Our second ROI is Dingyuan located in Xuhui district, with 45 × 170 pixels. This ROI is a much more complicated area than Zhengda Wudaokou Plaza, with a severe layover problem. Merely from the mean amplitude SAR image in Figure 6(a), it is hard to tell how many buildings exist in this area and their corresponding height even if one is experienced in SAR image interpretation. With the assistance of bird-eye image from Microsoft Bing Map in Figure 6(c), we know that this area is composed of two 35-floor residence buildings (buildings 1 and 2) and another very low building (building 3). Since residence buildings in China are usually designed with a floor-height of about 3 meters, we assume that the real height of those two buildings is about 105 meters. Those two buildings form severe layover problem and make the mean amplitude SAR image very confusing for users. One thing that needs to be mentioned is that the residence buildings in Dingyuan are designed to have 3 groups of large balconies on the facade, as shown in Figure 6(d). These groups of balconies form large amounts of corner reflectors which make the response signal very strong in the SAR images.

We selected 2176 pixels with strong backscattering signal for tomographic analysis. The distribution of selected pixels is presented in Figure 6(b). The estimated 3D distribution of scatterers/targets is depicted in Figure 7(a). The two 35-floored residence buildings are sucessfully derived from the confusing SAR images by TomoSAR. The estimated heights of those buildings are very close to their real height. The three groups of balconies on building 1 are all reconstructed, as shown in Figure 7(a). However, only one group of balconies on building 2 is detected by SAR tomography. The other two groups are lost in the original SAR images. Besides these two high-rise buildings, a third lower building with a height of about 40 meters is also detected.

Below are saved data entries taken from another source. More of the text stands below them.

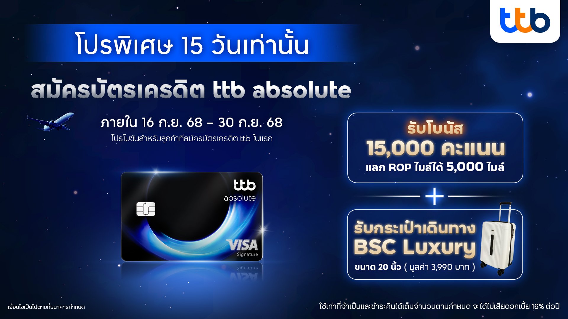 ดีลพิเศษ 15 วันเท่านั้น ทีทีบี จัดโปรสมัครบัตรเครดิต ttb absolute รับฟรีโบนัสเพิ่ม 15,000 คะแนน แลกได้ 5,000 ไมล์ และกระเป๋าเดินทาง 20 นิ้ว
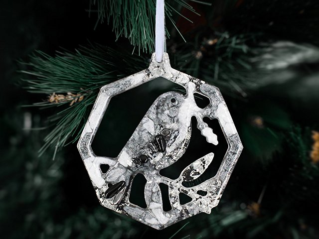 Изделие бережно упаковано в стильную коробку из плотного премиального картона с индивидуальным ложементом, который надёжно фиксирует игрушку. Такой презент не требует дополнительной упаковки и готов порадовать своего обладателя. Для вашего удобства к игрушке прилагается ленточка, с помощью которой вы легко сможете подвесить её на ёлку.
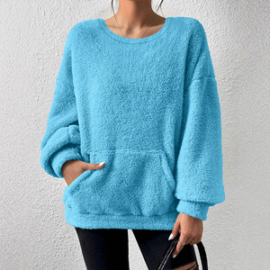2025欧美跨境亚马逊速卖通爆款秋冬休闲时尚纯色圆领长袖毛毛绒卫
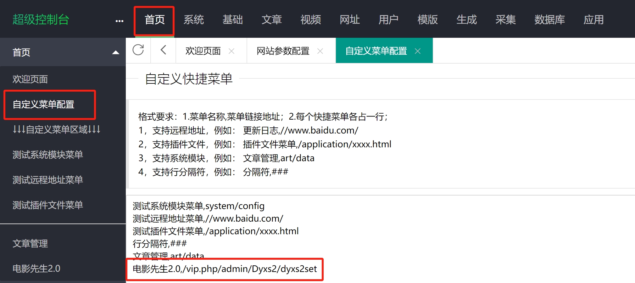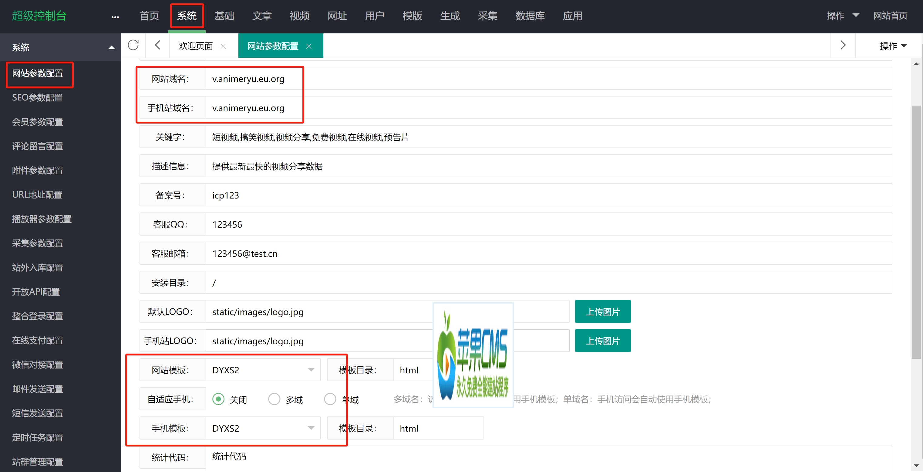 8、苹果cms网站设置。进入系统——网站参数设置,设置域名,选择网站/手机模板为DYXS2,保存。进入首页——自定义菜单配置,添加电影先生2.0,/vip.php/admin/Dyxs2/dyxs2set,保存即可。
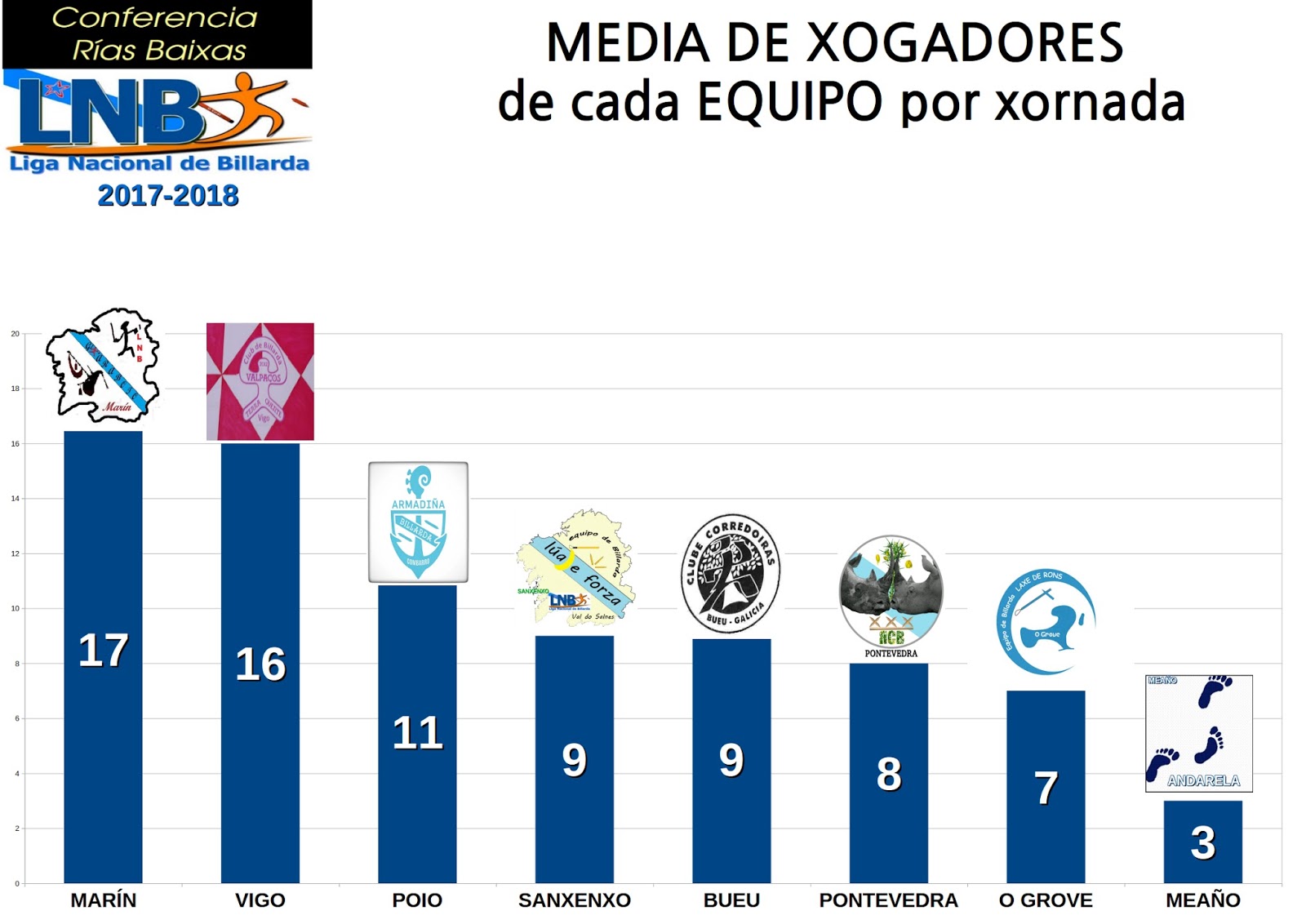 Algúns equipos, como vemos nas gráficas, están por debaixo de 4 xogador@s por xornada, polo tanto teñen dificultades, mais non abandonan ante o reto de manter viva a billarda nos seus concellos e comarcas. As terras de Lourenzá, Pol, Cerceda e Meaño teñen que seguir oíndo a voz da madeira que non é senón a voz dos nosos montes. Daquela, seguiremos “adiante co varal”. Billarda sempre!

In order to analyze the tomographic result in detail, the estimated targets along two azimuth lines are plotted in Figures 7(b) and 7(c). The locations of these two azimuth lines are shown in Figure 6(b). We could see that line 1 goes across the three groups of balconies on building 1 and one group of balconies on building 2, which is demonstrated by the estimates of line 1 in Figure 7(b). There exists three separate short lines along the facade of building 1 and only one short line along the facade of building 2. On the other hand, line 2 goes through facades of both building 1 and building 2, as shown in Figure 6(b). Therefore, we could see two long lines in Figure 7(c) where each line refers to one building facade.

5. Conclusions

In this paper, SAR tomography is used for TerraSAR-X StripMap data interpretation, which overcomes the severe layover problems of dense urban areas. For this purpose, we used a tomographic method called Butterworth-filter based singular value decomposition (BSVD). Two areas of interest in Shanghai are analyzed using SAR tomography. It is very hard for nonexpert users to understand the SAR images, sometimes even difficult for someone experienced in SAR data. With the assistance of SAR tomography, the 3D distributions of targets in Zhengda Wudaokou Plaza area and Dingyuan area are derived in this paper. The tomographic results could help users better understand the complex urban scenarios in SAR data.

Conflict of Interests

The authors declare that there is no conflict of interests regarding the publication of this paper.

Acknowledgments

The authors would like to thank Dr. X. Zhu for the great help during this research work, Prof. Dr. L. Meng and Prof. Dr. J. Krisp for the kind support under IGSSE project 6.08 4D City. This work is financially supported by the National Natural Science Foundation of China under Grants 41174120 and 61331016, and the Research Fund for the Doctoral Program of Higher Education of China under Grant 20110141110057. The TerraSAR-X data was provided by Airbus Defence and Space.